» **Task to complete**
Although the records contain pictures, none belong in the copy: restate word for word only the lines from the one with "Табл. 1.1. Мягкие" through the one with "5月15日上午,记者通过网络", both included.

» **Data listing**
● ● ●

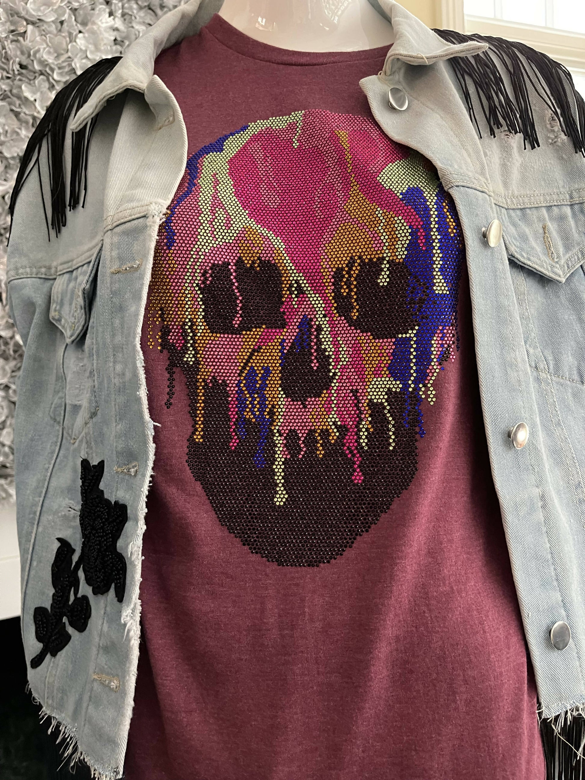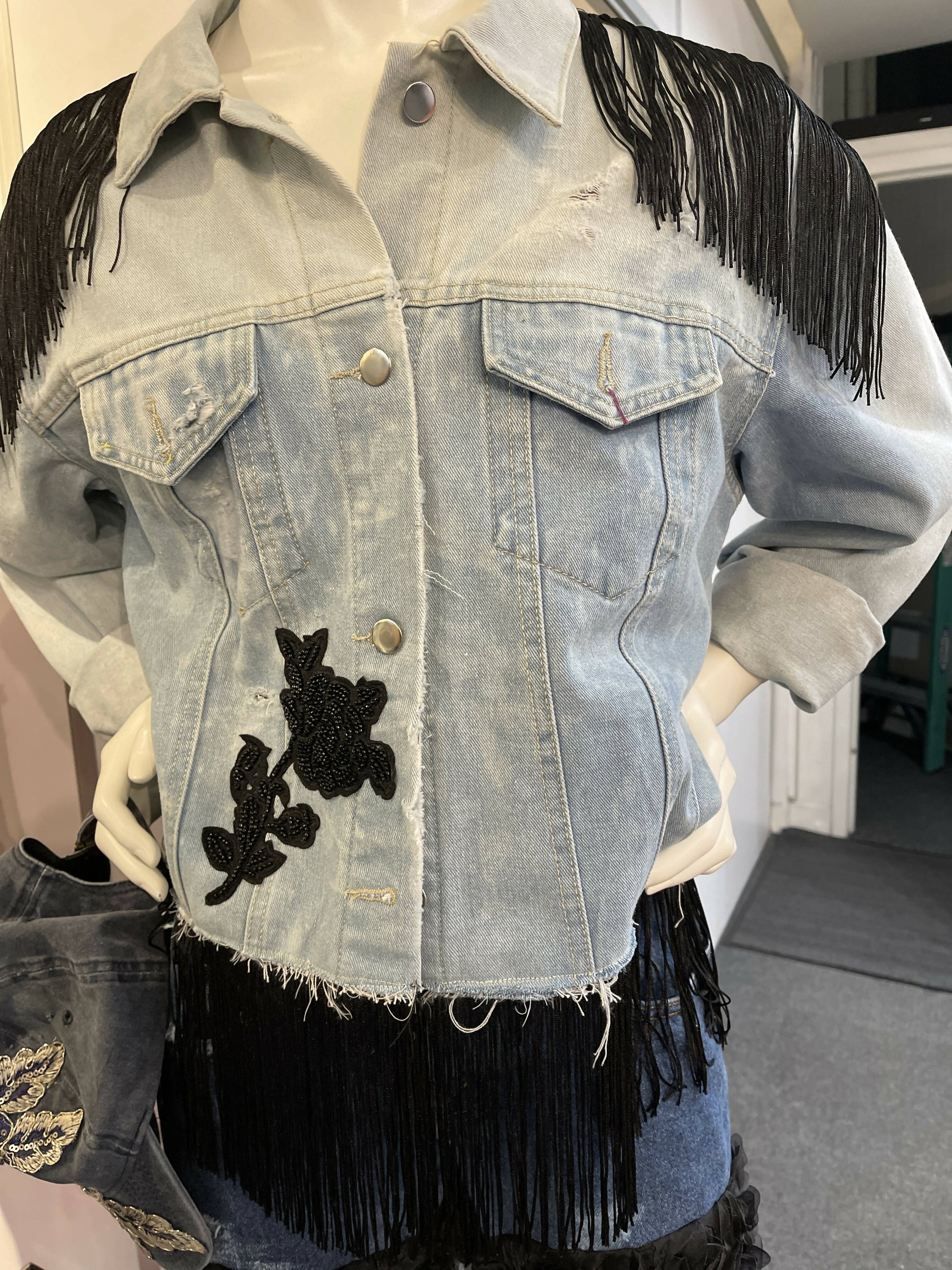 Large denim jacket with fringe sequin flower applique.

● ● ●

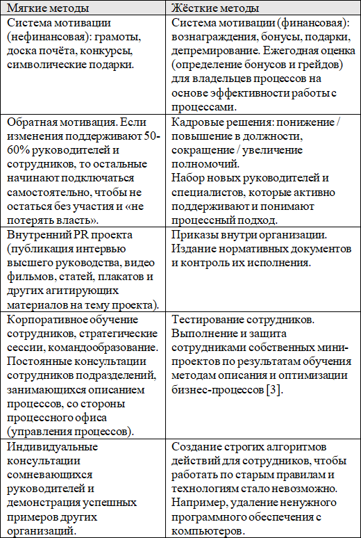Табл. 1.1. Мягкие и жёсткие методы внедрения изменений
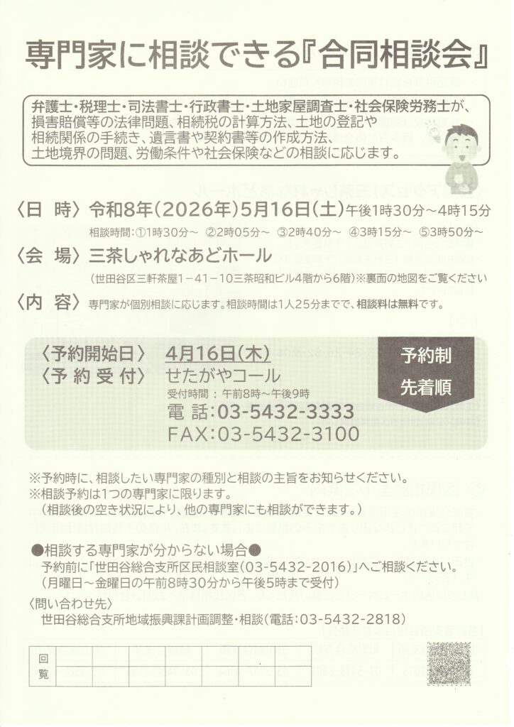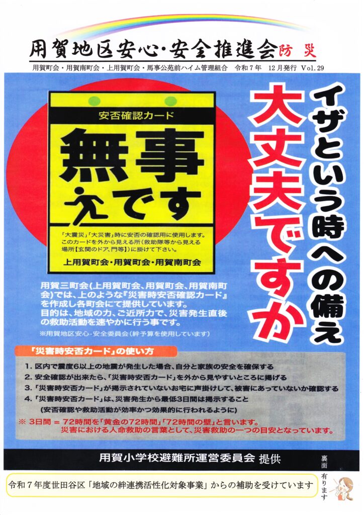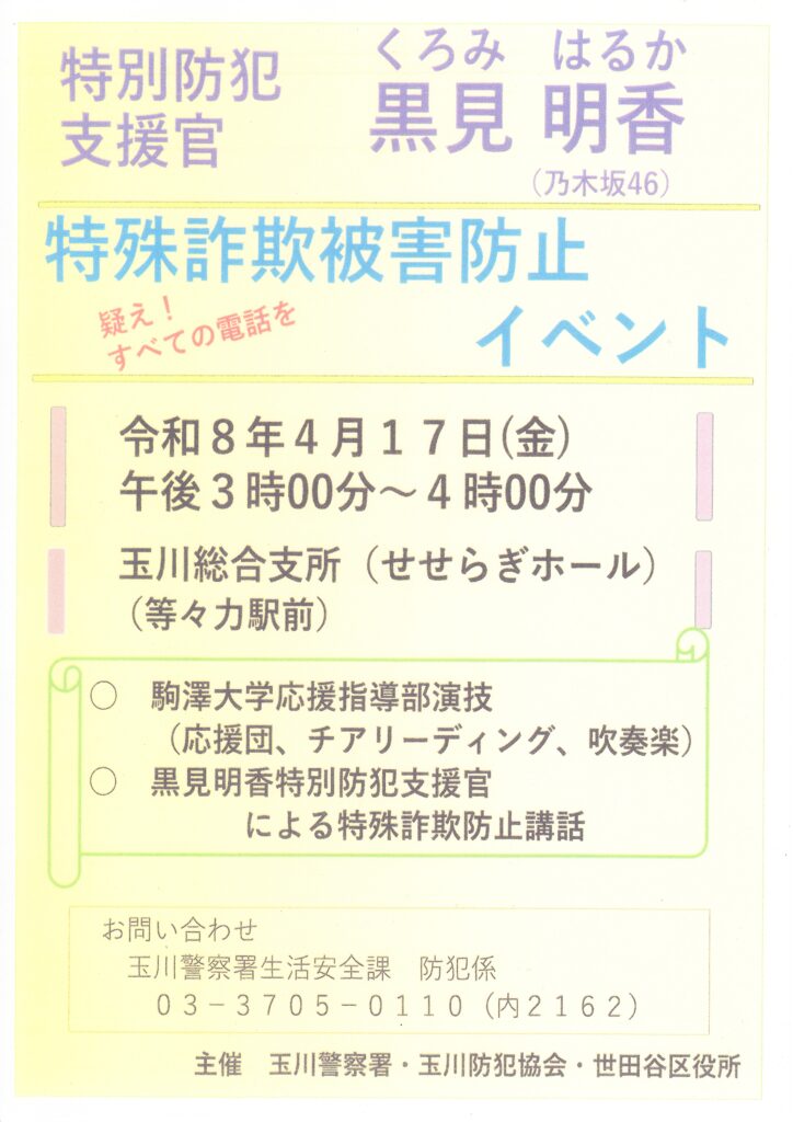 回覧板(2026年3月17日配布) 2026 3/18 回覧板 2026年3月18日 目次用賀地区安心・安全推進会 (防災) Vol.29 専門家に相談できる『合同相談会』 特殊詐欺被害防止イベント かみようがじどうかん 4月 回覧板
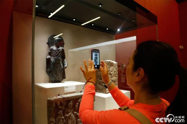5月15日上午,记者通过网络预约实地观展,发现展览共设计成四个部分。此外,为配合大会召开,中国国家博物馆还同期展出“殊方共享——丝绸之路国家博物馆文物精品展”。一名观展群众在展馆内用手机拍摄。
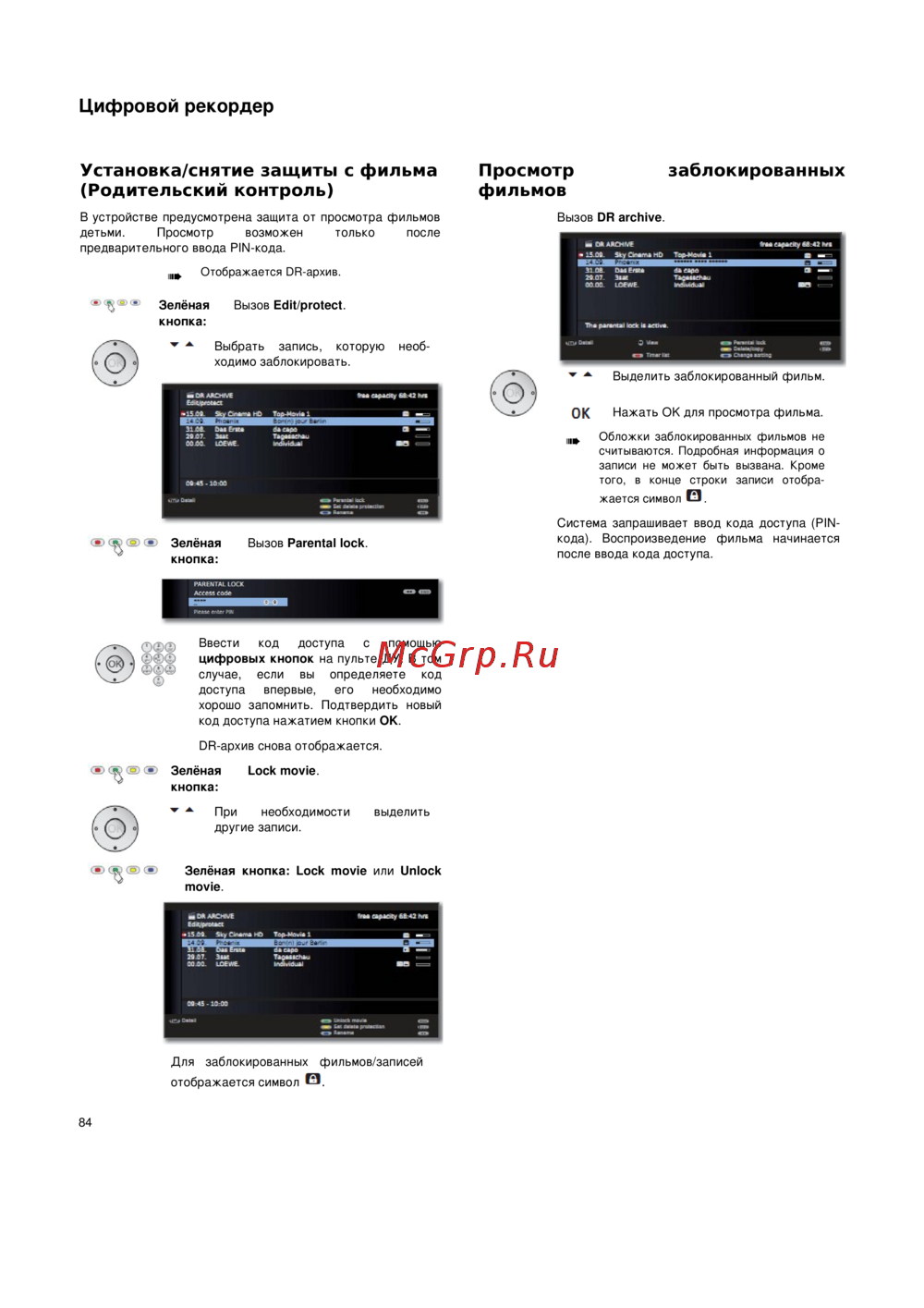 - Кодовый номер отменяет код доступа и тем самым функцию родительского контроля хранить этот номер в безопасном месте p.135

● ● ●

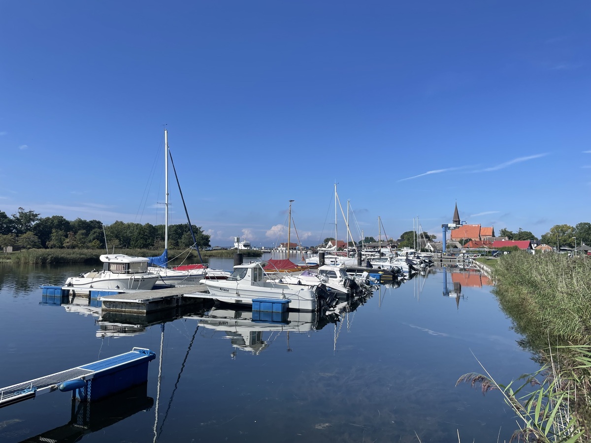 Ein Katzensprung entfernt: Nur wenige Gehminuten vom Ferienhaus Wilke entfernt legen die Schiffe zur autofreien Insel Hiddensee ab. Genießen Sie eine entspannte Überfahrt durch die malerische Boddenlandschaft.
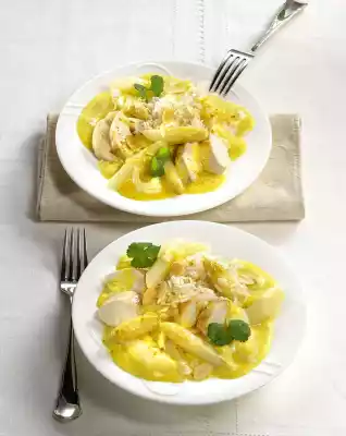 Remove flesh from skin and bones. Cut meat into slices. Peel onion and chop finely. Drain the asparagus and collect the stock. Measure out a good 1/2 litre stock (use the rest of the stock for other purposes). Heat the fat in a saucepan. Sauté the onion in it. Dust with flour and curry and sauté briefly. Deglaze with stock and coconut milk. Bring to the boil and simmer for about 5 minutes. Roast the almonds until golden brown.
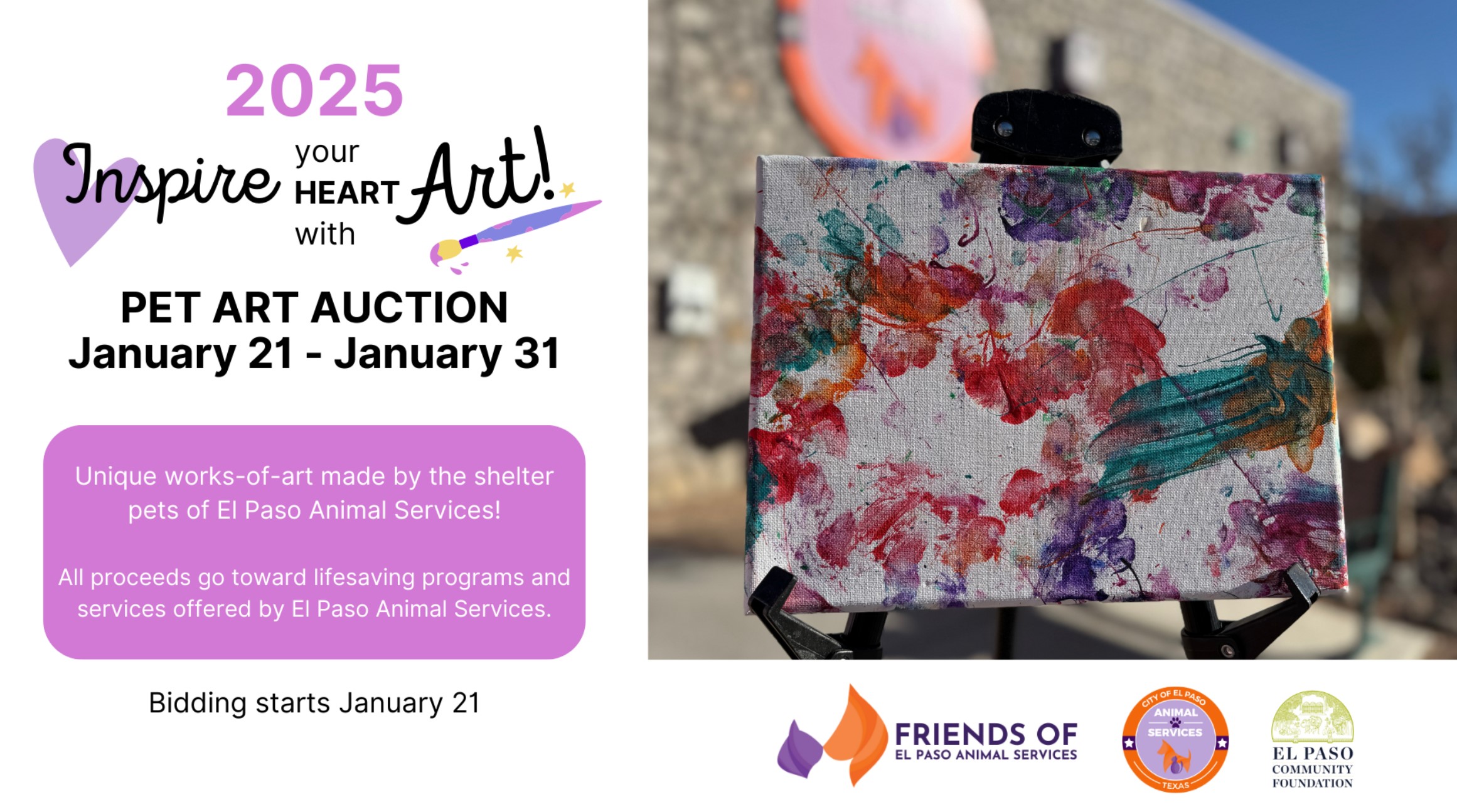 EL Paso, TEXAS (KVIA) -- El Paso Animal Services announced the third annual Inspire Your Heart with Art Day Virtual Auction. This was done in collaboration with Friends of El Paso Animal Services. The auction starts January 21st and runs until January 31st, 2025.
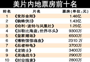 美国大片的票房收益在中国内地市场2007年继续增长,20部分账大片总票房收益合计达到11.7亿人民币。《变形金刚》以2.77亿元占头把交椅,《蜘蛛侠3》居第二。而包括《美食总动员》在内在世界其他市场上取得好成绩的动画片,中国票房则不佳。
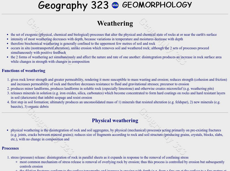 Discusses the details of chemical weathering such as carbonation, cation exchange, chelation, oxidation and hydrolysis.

● ● ●

» **Task solution**
Табл. 1.1. Мягкие и жёсткие методы внедрения изменений
 回覧板(2026年3月17日配布) 2026 3/18 回覧板 2026年3月18日 目次用賀地区安心・安全推進会 (防災) Vol.29 専門家に相談できる『合同相談会』 特殊詐欺被害防止イベント かみようがじどうかん 4月 回覧板
5月15日上午,记者通过网络预约实地观展,发现展览共设计成四个部分。此外,为配合大会召开,中国国家博物馆还同期展出“殊方共享——丝绸之路国家博物馆文物精品展”。一名观展群众在展馆内用手机拍摄。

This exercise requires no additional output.